Without the pictures, output the lines of the material from the very first through the one that holds "Des nouveaux arbustes".

- - -

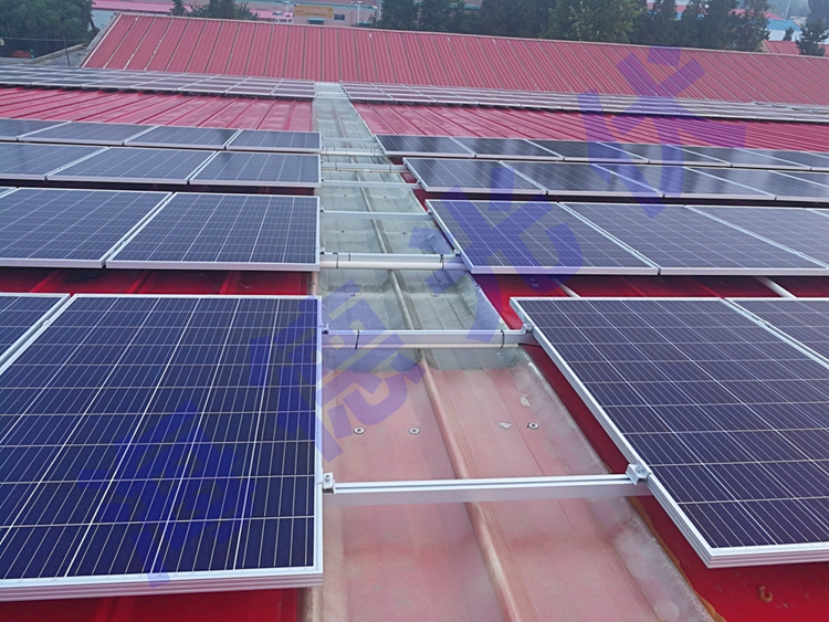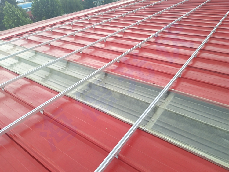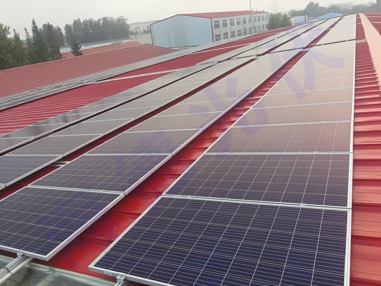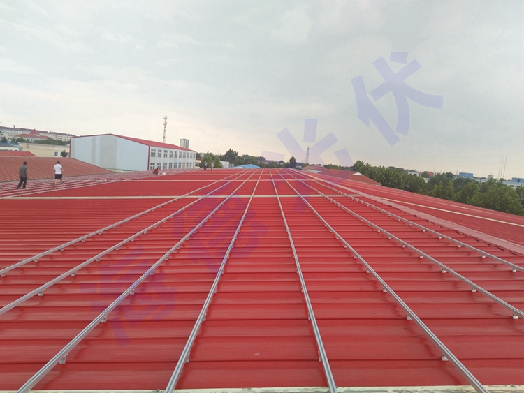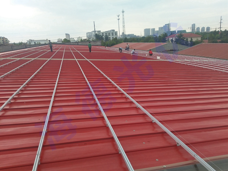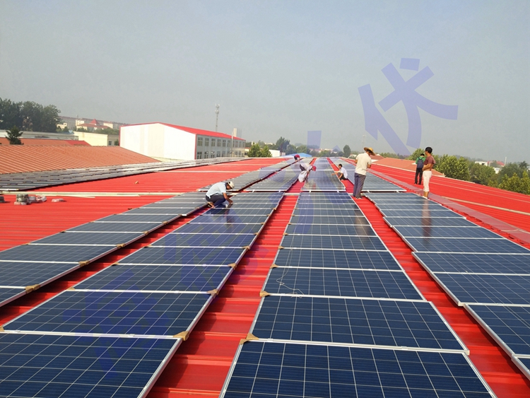 該企業(yè)廠房屋頂為彩鋼瓦,在上面鋪設(shè)導(dǎo)軌,用夾具固定在彩鋼瓦上,導(dǎo)軌上擺放太陽能光伏電池板,整套電站長度達(dá)到75米,安裝容量為151.2KW。
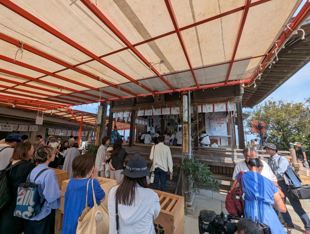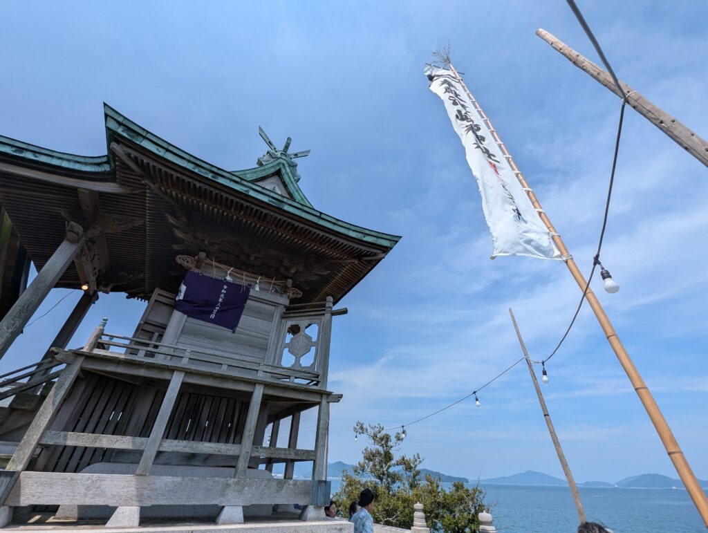 参拝を終えて裏面に回ってみる。瀬戸内海がぐるっと見渡せる。祭りののぼりがなびいていて、社殿と一緒に写真を撮りたくなった。
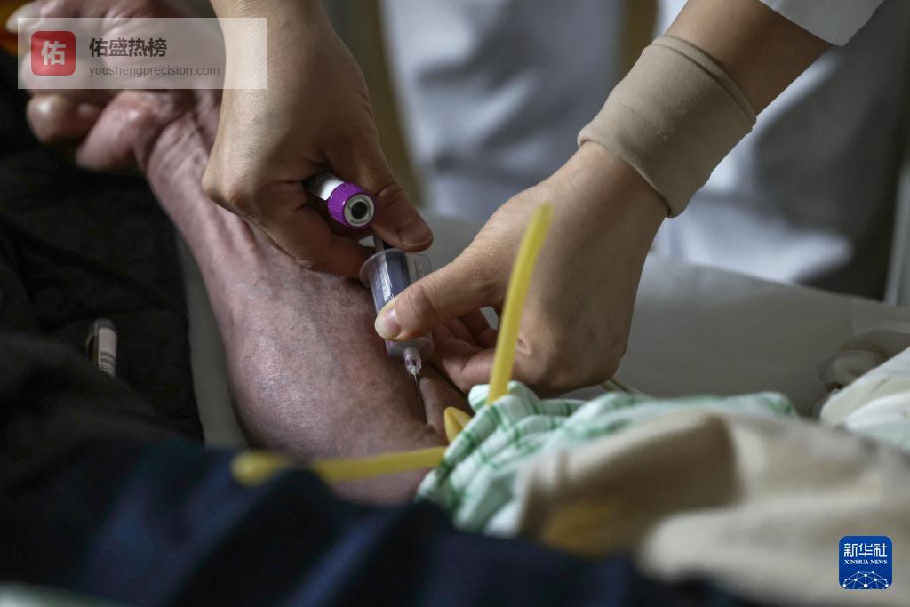 2月4日5时许,一名护士在急诊病房为患者抽血。
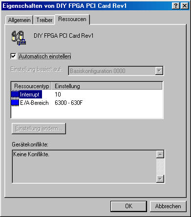 As the devicemanager of Windows98 showed an ugly yellow question-mark on my PCI card, this was the next thing on my ToDo-list. As Win9x has no driver-signature we can write our driver-files with notepad. So I started a new inf-file. Win9x only wants very few information from us, to put the device in the desired category: a general information about the driver, the VID/PID and some strings:
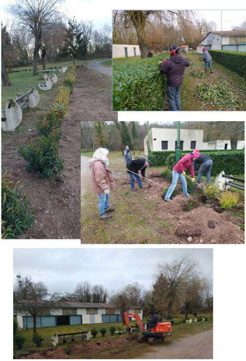 Des nouveaux arbustes plantés par l'équipe de bénévoles autour de la salle, et une belle taille des anciens devenus grands ;-) 16 décembre 2021
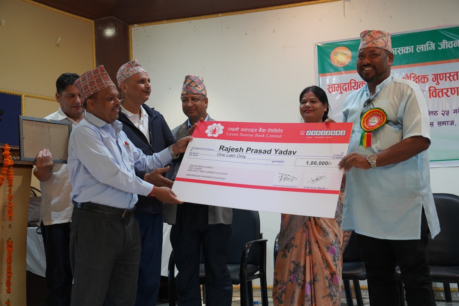 जीवन विकासका संस्थापक तथा मोरङ क्षेत्र नम्बर ५ का सांसद योगेन्द्र मण्डलले उनलाई पुरस्कार प्रदान गरे । पुरस्कार वितरण समारोहलाई सम्बोधन गर्दै सांसद मण्डलले अर्को वर्षदेखि विद्यालय व्यवस्थापन समिति अध्यक्षलाई पनि पुरस्कृत गर्ने घोषणा गरे । मोरङको दक्षिणी क्षेत्रका सामुदायिक विद्यालयहरुमा शिक्षण सिकाइका विभिन्न सूचा‌कका आधारमा उत्कृष्ट प्रधानाध्यापक घोषित गरिएको हाे ।
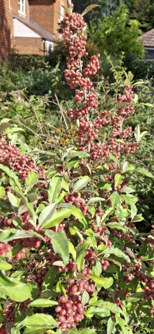 The top grafted Crateagus grignoniensis has been photographed before in this diary but seldom fruiting as well as this! The pheasants are, as yet, uninterested.
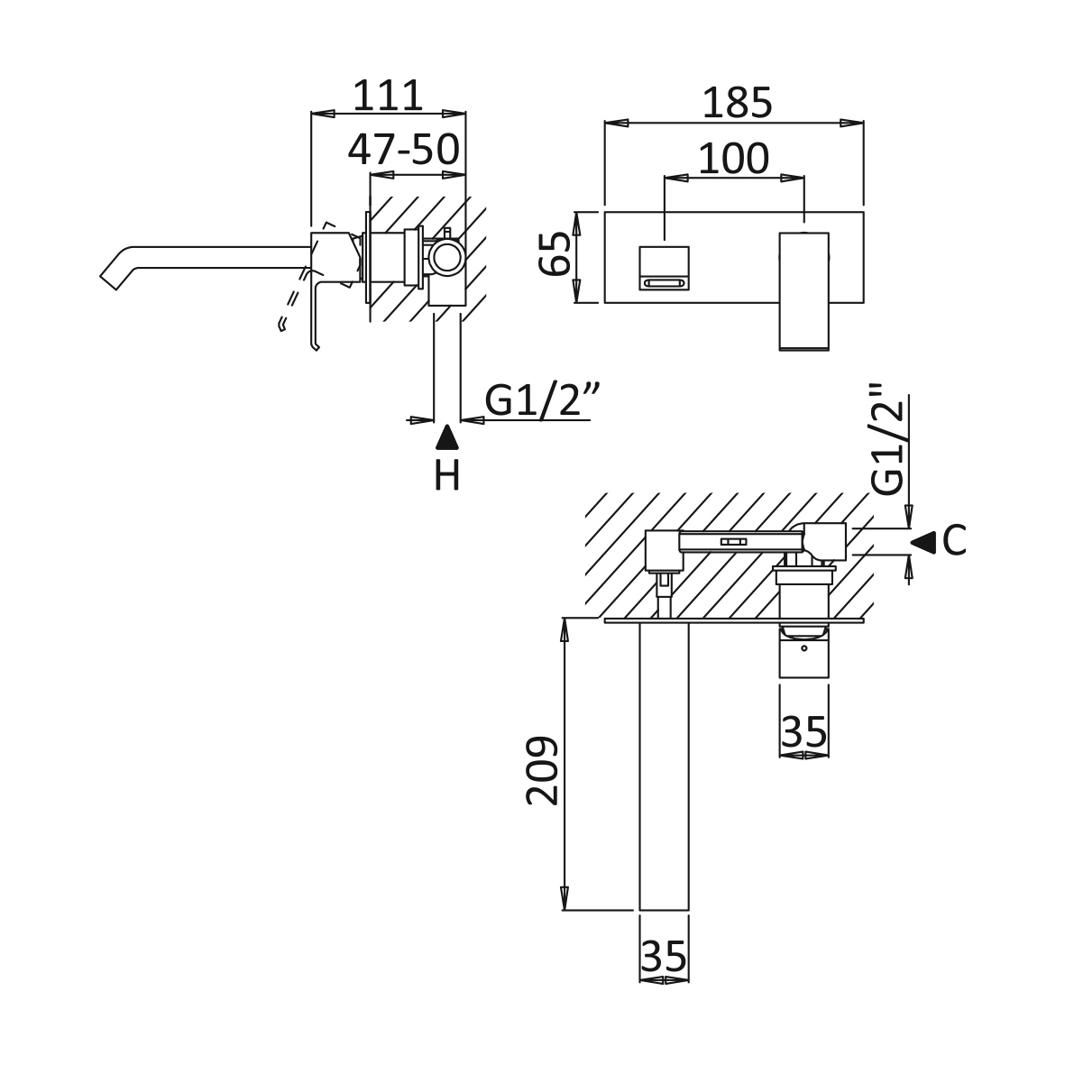 Bruma Linea Bateria umywalkowa z korkiem Click-Clack Naścienna chrom 1828241CR
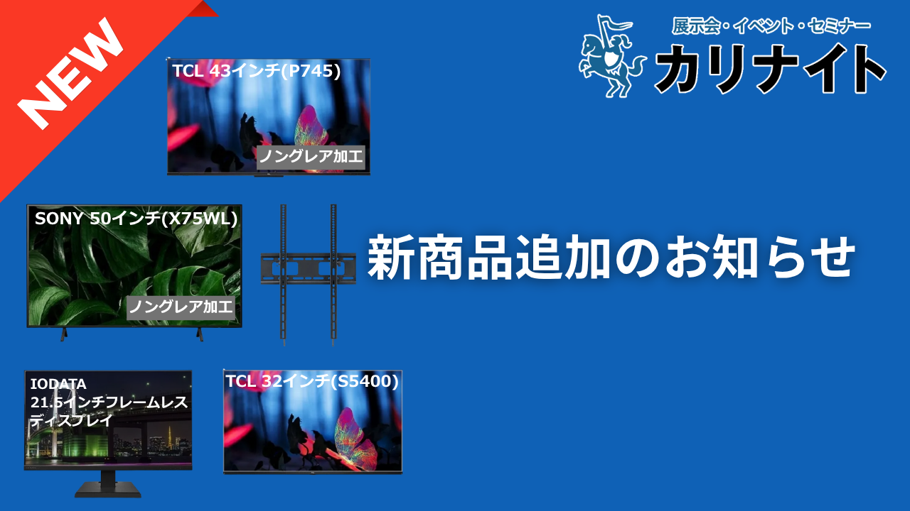 デジタル機器レンタル「カリナイト」では、9月13日~10月31日の期間にかけて、新たに5点の新商品を追加いたしましたのでお知らせいたします。今回追加された商品は、モニターの縦設置に対応した壁掛け金具および21.5~50イ […]
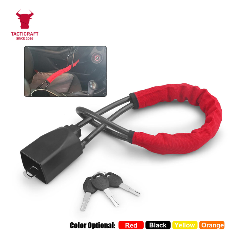 This Tacticraft Anti-Theft Car Steering Wheel Lock is a robust security device designed to protect your vehicle from theft. It features a strong, braided steel construction with a PVC coating and a U-shaped design that securely locks onto the steering wheel, preventing it from being turned. The lock comes with three keys for convenience and is universally compatible with most car models. Its primary function is to serve as a visible deterrent to potential thieves, enhancing your car's security.
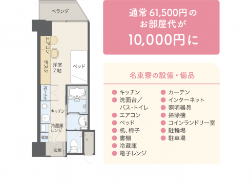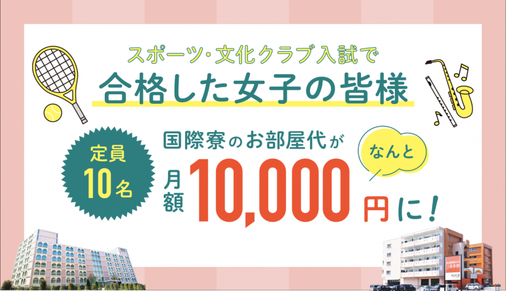 名古屋商科大学では、スポーツ・文化クラブ入試で合格した方を対象に「国際寮女子特別枠」を新設します。本学の名東寮(通常61,500円/月額)と三本木尞(通常31,000円/月額)を対象とし、定員10名に限り部屋代が10,000円/月額となります。
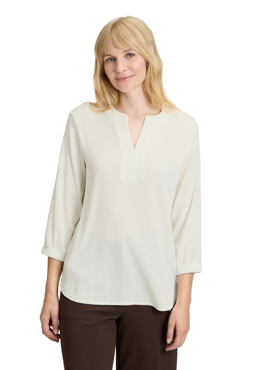 Passform | Figurumspielend | Gesamtlänge | 68 cm | Ärmeldetail | Mit Raffung | Ärmellänge | 3/4 Arm | Ausschnittform | V-Ausschnitt | Muster | Uni

- - -

**WRITTEN RESPONSE:**
 該企業(yè)廠房屋頂為彩鋼瓦,在上面鋪設(shè)導(dǎo)軌,用夾具固定在彩鋼瓦上,導(dǎo)軌上擺放太陽能光伏電池板,整套電站長度達(dá)到75米,安裝容量為151.2KW。
 参拝を終えて裏面に回ってみる。瀬戸内海がぐるっと見渡せる。祭りののぼりがなびいていて、社殿と一緒に写真を撮りたくなった。
 2月4日5时许,一名护士在急诊病房为患者抽血。
 As the devicemanager of Windows98 showed an ugly yellow question-mark on my PCI card, this was the next thing on my ToDo-list. As Win9x has no driver-signature we can write our driver-files with notepad. So I started a new inf-file. Win9x only wants very few information from us, to put the device in the desired category: a general information about the driver, the VID/PID and some strings:
 Des nouveaux arbustes plantés par l'équipe de bénévoles autour de la salle, et une belle taille des anciens devenus grands ;-) 16 décembre 2021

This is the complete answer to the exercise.